Copyright Notice

This text is copyright by CMP Media, LLC, and is used with their permission. Further distribution or use is not permitted.

This text has appeared in an edited form in SysAdmin/PerformanceComputing/UnixReview magazine. However, the version you are reading here is as the author originally submitted the article for publication, not after their editors applied their creativity.

Please read all the information in the table of contents before using this article.

Unix Review Column 9 (July 1996)

Perl's text processing capabilities provide direct access to a number of high-level facilities for manipulating text. However, sometimes the problem is not what to do with the text once you've got it, but eliminating stuff that doesn't look like text. Let's take a look at how to use Perl's facility for recognizing text files (as opposed to binary files) to ease a typical processing task.

First, let's reconstruct the simplest form of program that emulates the standard Unix grep command.

        #!/usr/bin/perl
        $search = shift;
        $showname = @ARGV > 1;
        while (<>) {
                next unless /$search/o;
                print "$ARGV: " if $showname;
                print;
        }

The first executable line after the #! header takes the first command-line parameter (found in @ARGV) and shifts it off into the $search variable. Here, I take advantage of the fact that the shift operator defaults to @ARGV.
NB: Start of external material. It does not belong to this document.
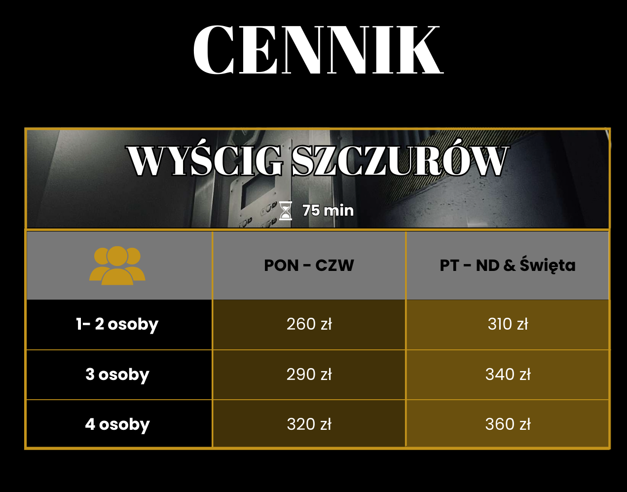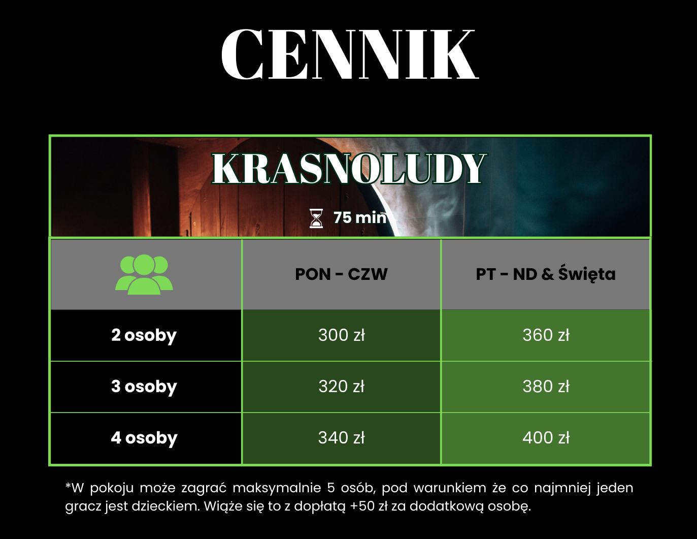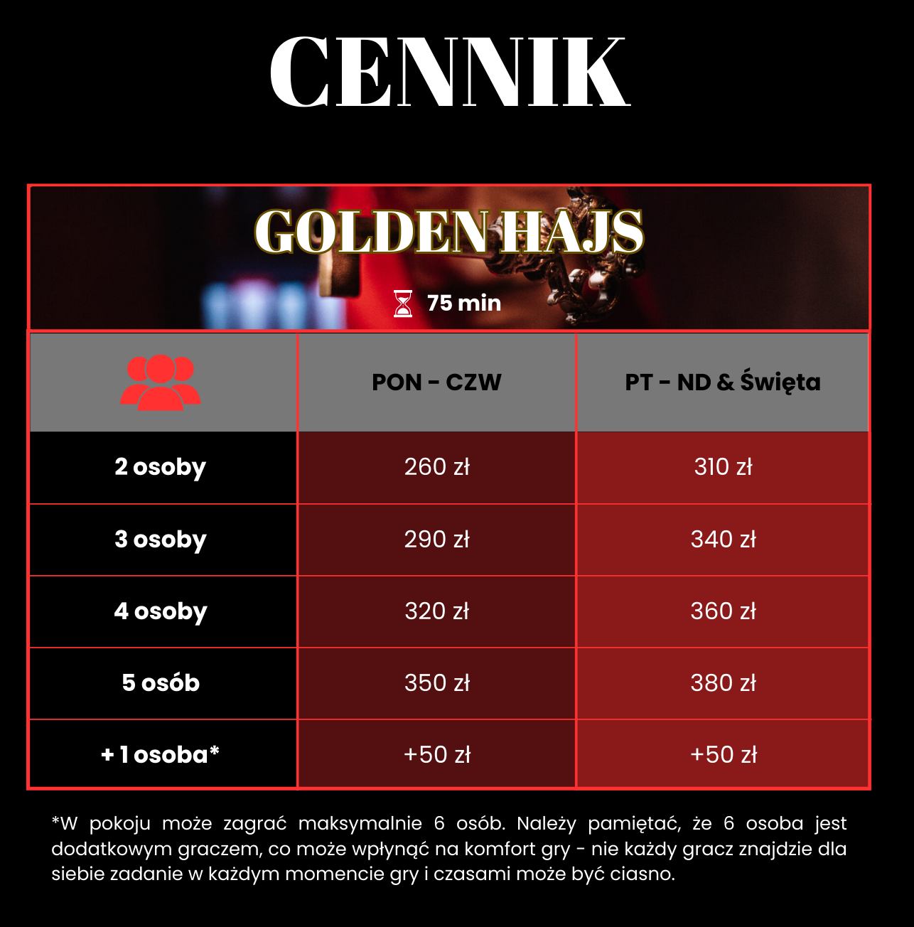 Uwaga! Jeśli dodatkowy gracz wykracza poza dopuszczalną liczbę osób w pokoju, Golden Hajs i In da Club za dodatkową opłatą 50 zł może wejść 6 osoba. W pokoju Krasnoludy może wejść dodatkowa 5 osoba za dopłatą 50 zł pod warunkiem, że w grupie znajduje się przynajmniej jedno dziecko. Do pokoju Wyścig Szczurów nie ma możliwości żeby weszła dodatkowa osoba.
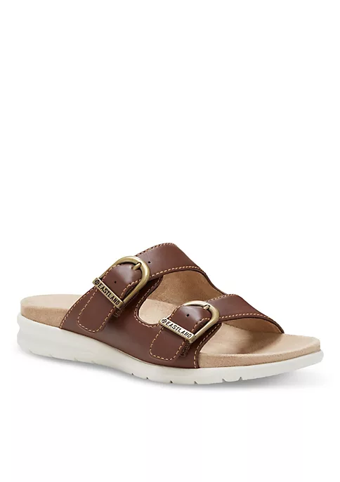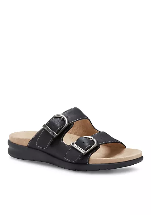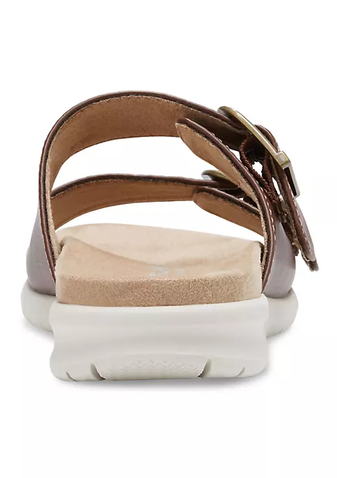 The super comfy Avery slide features adjustable straps for a custom fit. Synthetic upper with a soft microfiber fabric lining for barefoot comfort. Adjustable strap and buckles provide a custom fit. Cushioned fabric-lined insole for all-day comfort. Durable, shock absorbing EVA outsole. Heel Height: 1”.

Next, if there is more than one argument remaining, I'll need to remember that into the $showname variable, so that I can print the filename along with the found lines, just like the grep command does. $showname will be true when the number of arguments is greater than one, and false otherwise.

Then comes an ordinary ``diamond-loop'': each line from each file specified on the command line is read into the $_ variable, and the body of the loops gets to take a whack at it.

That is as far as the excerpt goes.